Suppose I have two real-valued diagonalizable matrices $A$ and $B$ and that all of the eigenvalues of each matrix have strictly negative real components. Moreover, assume:
- $A$ is symmetric (which means that all of its eigenvalues must be real)
- The diagonal entries of $B$ are negative
- The off-diagonal entries of $B$ are positive
- The sum of any column of $B$ is nonpositive ($\le 0$).
I have a few questions I would like to answer:
- Are the real components of the eigenvalues of $A+B$ guaranteed to be negative?
- Is $A+B$ diagonalizable?
- What else can be said about the eigenvalues of $A+B$?
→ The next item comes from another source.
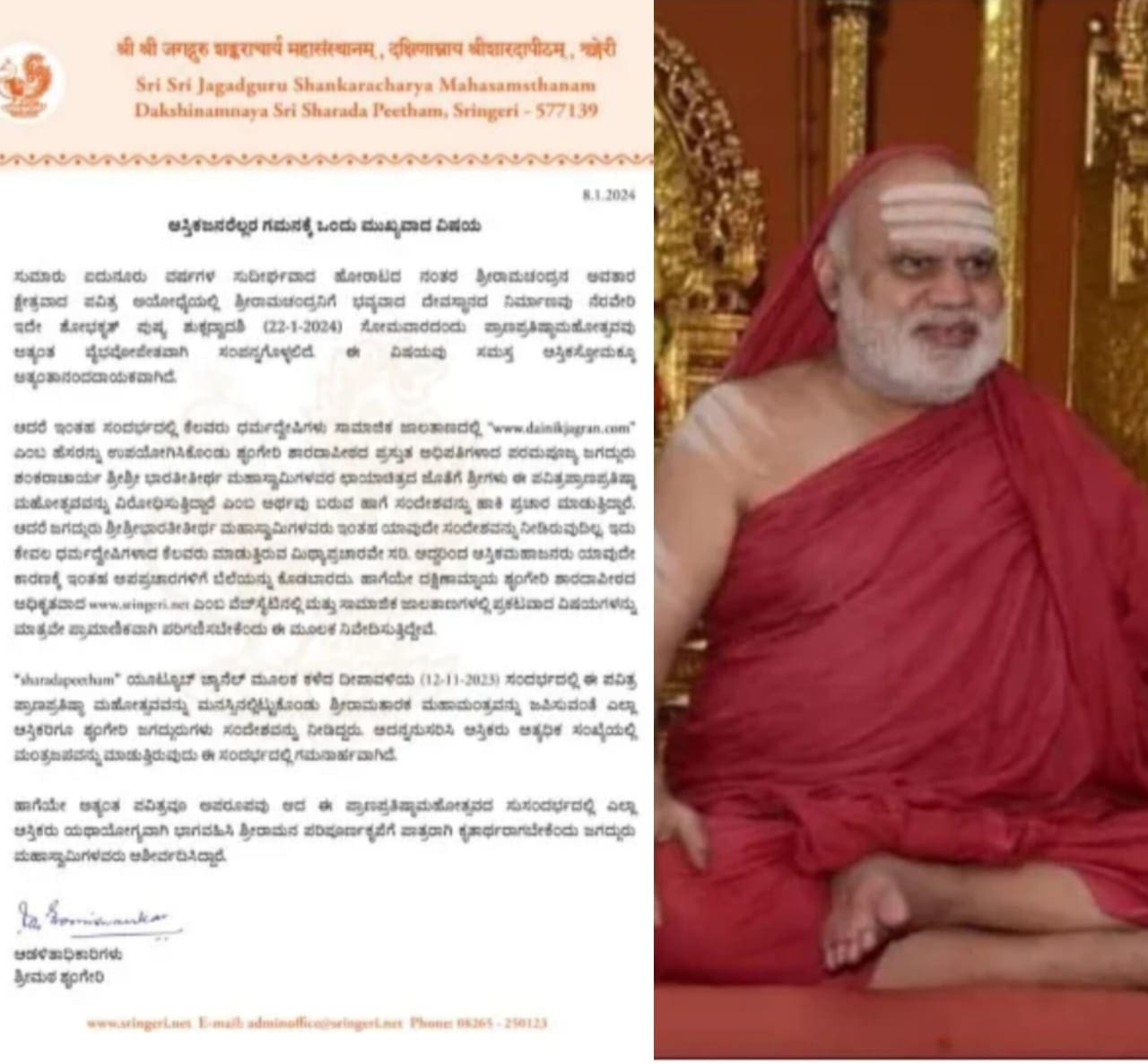 ರಾಮಮಂದಿರ ಪ್ರತಿಷ್ಠಾಪನೆಗೆ ಶೃಂಗೇರಿ ಪೀಠದಿಂದ ಅಸಮಾಧಾನ ವ್ಯಕ್ತಪಡಿಸಿದ್ದಾರೆ ಎಂಬ ರೀತಿ ಎಲ್ಲೆಡೆ ಸುದ್ದಿ ಹಬ್ಬಿರುವುದಕ್ಕೆ ಶೃಂಗೇರಿ ಪೀಠಾಧೀಶರು ಈ ರೀತಿಯ ಯಾವುದೇ ಪೋಸ್ಟ್ ಅನ್ನೂ ಮಠದ ವತಿಯಿಂದ ಪ್ರಕಟಿಸಲಾಗಿಲ್ಲ ಎಂಬುದನ್ನು ಸ್ಪಷ್ಟಪಡಿಸಿದ್ದಾರೆ. ದುಷ್ಕರ್ಮಿಗಳು ಸಾಮಾಜಿಕ ಜಾಲತಾಣಗಳಲ್ಲಿ ವೆಬ್ ಸೈಟ್ ಒಂದರ ಹೆಸರು ಬಳಸಿ ದಕ್ಷಿಣಾಮಯ ಶೃಂಗೇರಿ ಶಾರದ ಪೀಠಾಧೀಶ್ವರ, ಪರಮಪೂಜ್ಯರ ಚಿತ್ರವಿರುವ ಪೋಸ್ಟ್ಗಳು ಹರಿದಾಡಿರುವುದು ನಮ್ಮ ಗಮನಕ್ಕೆ ಬಂದಿದೆ. ಈಗ ಹರಿದಾಡಿರುವುದು ಸುಳ್ಳು ಪೋಸ್ಟ್ ಎಂದು ತಿಳಿಸಿದ್ದಾರೆ. ಈ ಬಗ್ಗೆ ಮಠದಿಂದ ಅಧಿಕೃತ ಪ್ರಕಟಣೆ ಹೊರಡಿಸಲಾಗಿದೆ.

If it is difficult to answer the above questions, what if we assume that all of the eigenvalues of $B$ are real? Or that the "leading" eigenvalue (eigenvalue with the largest/least negative real component) of $B$ is real?
If $A$ and $B$ are both symmetric, I think we could say that they are both negative definite operators and that their sum must also be a negative definite operator, so the answers to 1 and 2 in that case would be yes. (Correct me if I'm wrong!) However, I'm interested in the more general case where $B$ may not be symmetric. Moreover, $B$, in my physical problem of interest, is generally not a negative definite operator; i.e., $\exists x \ne 0$ such that $x^T B x > 0$.
Any thoughts on this would be greatly appreciated!
EDIT1: Added further restrictions on $B$ based on the physics of my problem.